“It’s up to you Taryn…I can tell you how to do the right thing or I can teach you how to manipulate the situation to get what you want.”
Advice; something I’ve never been short on.
I guess when you’re trying to find solutions to life’s never ending problems, short cuts tend to give the quickest satisfaction. It’s just that they are usually made up of a lot of things that don’t help me sleep at night. Like inspiring fear and following that up with relief. Or being completely unreasonable until I get my fucking way.
I used to throw tantrums in grocery stores until my mother left me cold and alone in the ice cream isle pondering my life choices. But, enough about last week. Those tantrums worked just as well on my stubborn parents as they do on today’s men. And by ‘worked’, I mean…i’m still cold and alone in the ice cream isle at 30.

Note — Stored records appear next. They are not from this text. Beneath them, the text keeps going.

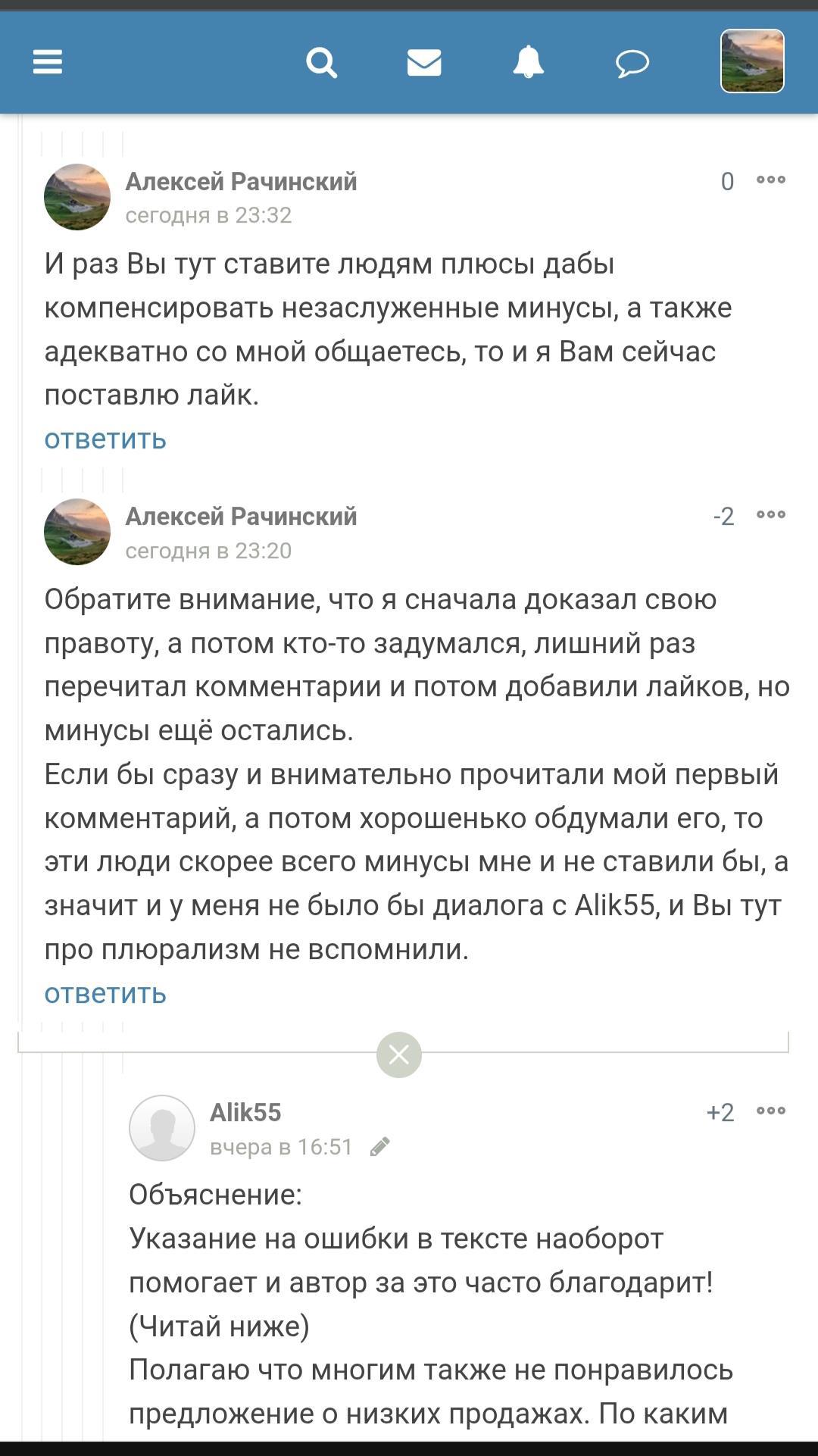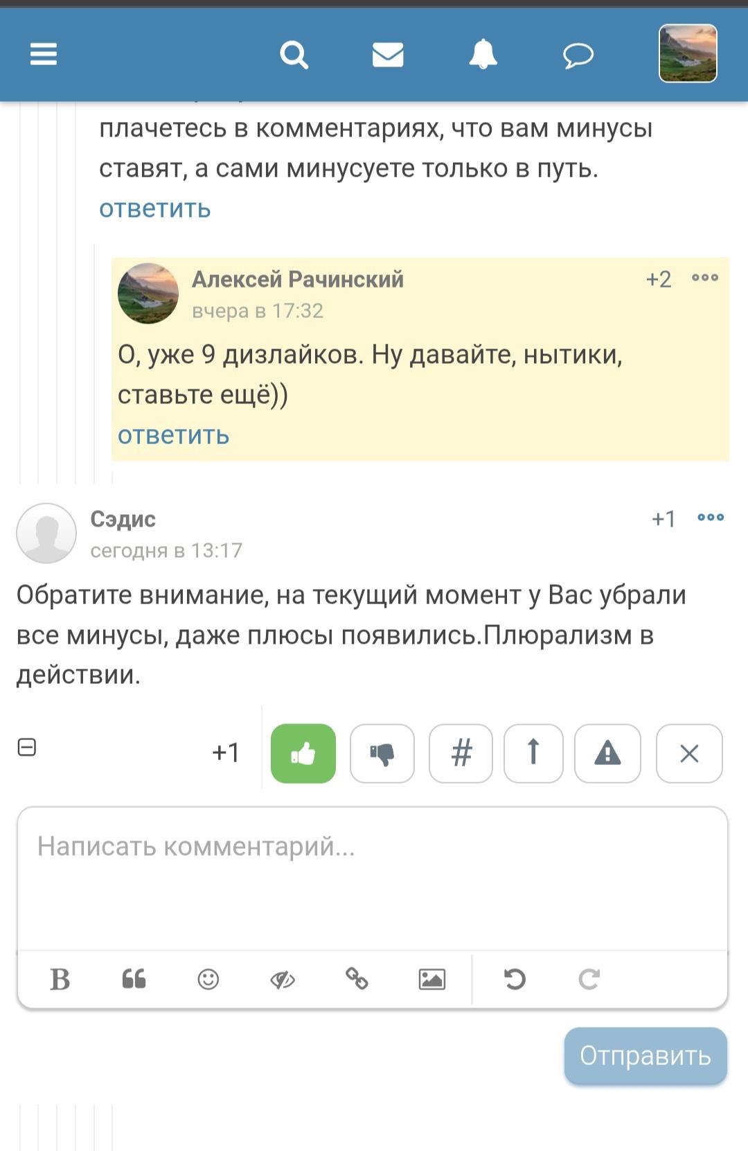 Если бы сразу и внимательно прочитали мой первый комментарий, а потом хорошенько обдумали его, то эти люди скорее всего минусы мне и не ставили бы, а значит и у меня не было бы диалога с Alik55, и Вы тут про плюрализм не вспомнили.
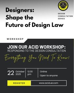 This is the webinar for you! Join Anti Copying In Design (ACID) and ACID Legal Affiliate Tony Catterall to learn about the intellectual property (IP) rights in your work and designs, how to protect them and what to do if you suspect you’ve been copied.
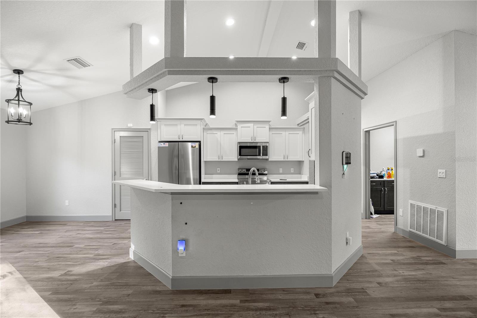 Welcome to luxury waterfront living on the infamous Rainbow River. This stunning concrete block 2023-built residence offers 105 feet of pristine river frontage, complete with a seawall & existing boathouse, creating the perfect setting for boating, kayaking, and enjoying Florida’s natural beauty. Situated on 2.18 acres outside of a flood zone, this thoughtfully designed split-bedroom home features soaring cathedral ceilings, luxury vinyl plank flooring, and abundant natural light throughout. The open-concept layout includes a separate dining area and an eat-in kitchen. The spacious primary suite boasts double vanities and a private retreat feel, while generously sized guest bedrooms share a full guest bath. Additional highlights include an inside laundry room, oversized two-car garage, and a massive 24x20 covered back porch—perfect for relaxing and taking in breathtaking river views. A rare opportunity to own newer construction on one of Florida’s most sought-after waterways. Schedule your private showing today.

I [almost] always want to do the right thing, that’s for certain. The right thing is just fifteen additional steps involving selflessness that frankly I’m too exhausted to execute. Manipulation smells a lot like success especially after years of failed attempts at altruism. Does that make it right? no. Does that make it desirable? fuckyea.
I was in sales for like half a minute last year, and, honestly, an unintentional slum lord to some of the nicest people. Lately, that’s how I feel when I’m dating. Like I’m selling the hell out of some damaged real estate, but who cares? It’s gotta come off the market some day. WE HAVE QUOTAS! Ok, so I’m not that mangled, but I know there are women out there with a lot less insecurities. They just aren’t as funny. And I bet you all the dollars in my wallet that they can’t make cupcakes at high altitudes with three separate substitutes for eggs.
That’s where I’ve learned the art of manipulation. Which, by definition sounds like I’m about to make victims out of my suitors…but believe you me, this is better for all of us in the long run. Realistically it’s just about perfecting persuasiveness; something they make you master before you can pass your speech class in college. So why not utilize honed skills to make an honest woman out of myself? Oh, the irony.
The world is a very dishonest place. It’s filled with people who need direction. I know the right thing is to ‘be yourself’, stay truthful and be modest. But, sometimes you just gotta let the sex kitten out of it’s cage, tell people what they want to hear, find what makes them tick and strum that cord. Fish with some bait in an otherwise un-stirred pond. Ladies, manipulate the damn situation to get what you want. ‘The right thing’ usually leaves you with things you don’t want. Like, friend zones, childless homes and clean driving records.